ITA/FRA versione originale in fondo

– Professor Lahire, nel 2010, lei ha scritto un libro molto interessante sul nostro autore: Franz Kafka. Éléments pour une théorie de la création littéraire[1]. Perché il legame tra Kafka e la sua opera è così importante ?

– Franz Kafka è stato tormentato in vita da una serie di problemi legati a suo padre, alla sua produzione, ai suoi rapporti con le donne e con il matrimonio, alle tensioni vissute tra esigenze professionali e lavoro creativo, al fatto di essere ebreo, ecc. Le sue problematiche esistenziali ossessive, le tensioni interne, i sentimenti di colpevolezza e oppressione, sono presenti nella scrittura dei suoi testi, lo inducono a praticare la letteratura come un’impresa di liberazione in cui mette a nudo le sue contraddizioni. I differenti elementi delle sue problematiche esistenziale si esprimono bene anche nei suoi comportamenti quotidiani, nei suoi sogni (ce ne ha lasciato il racconto di molte decine) come nella sua produzione letteraria.

– Nel suo libro dedicato a Kafka lei parla dell’importanza della biografia sociologica, ci può spiegare in cosa consiste?

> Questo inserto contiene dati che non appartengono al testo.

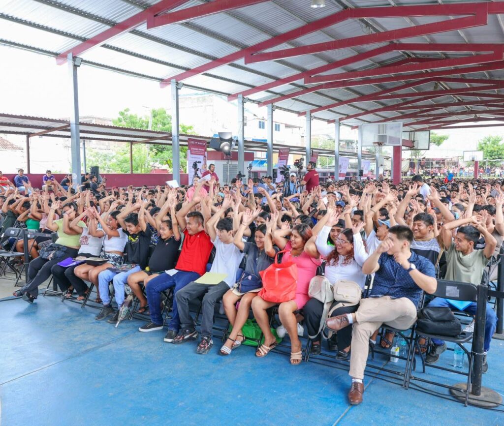 En el evento realizado en las canchas de la colonia Emiliano Zapata, la mandataria estatal agradeció el apoyo del gobierno de la presidenta Claudia Sheinbaum Pardo, para poner en marcha esta estrategia, que repercute favorablemente en la obtención de estos beneficios, que se suman a la oportunidad de tener un acercamiento entre los beneficiarios y las empresas, para impulsar la capacitación y la incursión en el ámbito laboral.
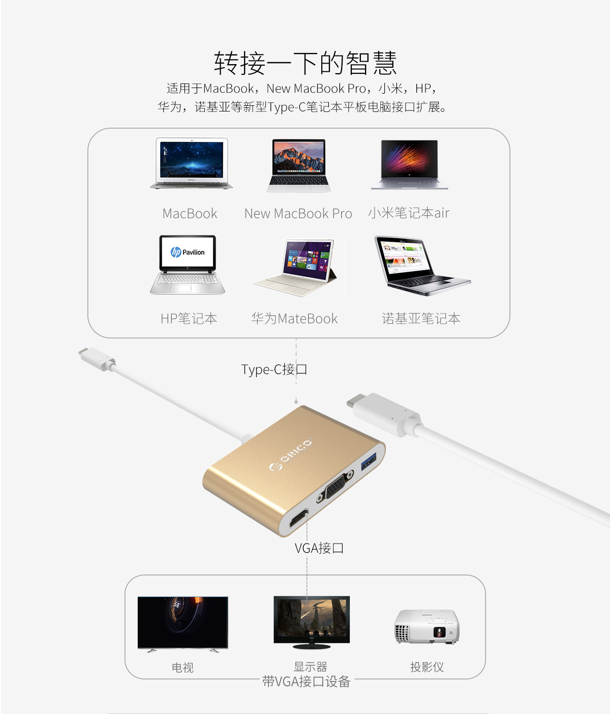 鋁合金Type-C轉Type-C/Type-A/VGA/HDMI多功能擴展塢

– La biografia sociologica, come io la intendo, cerca in primo luogo di ricostruire le esperienze socializzatrici successive o parallele – familiari, scolari, professionali, sentimentali, politiche, religiose, sportive, ecc. – attraverso le quali la persona si è costituita e come queste si sono sedimentate in lui sotto forma di schemi e di disposizioni a credere, vedere, sentire, agire. Se si vuol comprendere ciò che “anima” gli individui, ciò che li spinge ad agire o a pensare come essi lo fanno, occorre imparare a conoscere i desideri e le preoccupazioni predominanti come si sono definite nel corso della loro storia. Per questo, la biografia sociologica, come oggettivazione dei differenti tempi, quadri, modalità e effetti della socializzazione nel corso del percorso individuale, è uno strumento indispensabile a disposizioni dei ricercatori.

Una certa diffidenza nei confronti dei metodi biografici in sociologia viene dal fatto che vi si scorge una maniera di isolare gli individui, di racchiuderli in un destino singolare, di cui sarebbe portatore dalle origini e che si dipanerebbe nel corso di una traiettoria lineare. Tuttavia, la biografia può essere il miglior modo di ricostruire l’insieme dei legami che tengono insieme o hanno tenuto insieme un dato individuo ad altri individui, a dei gruppi o a delle istituzioni, e ricostruire la fitta rete degli obblighi interiori (disposizionali) come di quelli esteriori (contestuali) che pesano in permanenza sui suoi atti, sui suoi sentimenti o i suoi pensieri. È anche il modo di cogliere le esperienze nell’ordine cronologico dei loro effetti.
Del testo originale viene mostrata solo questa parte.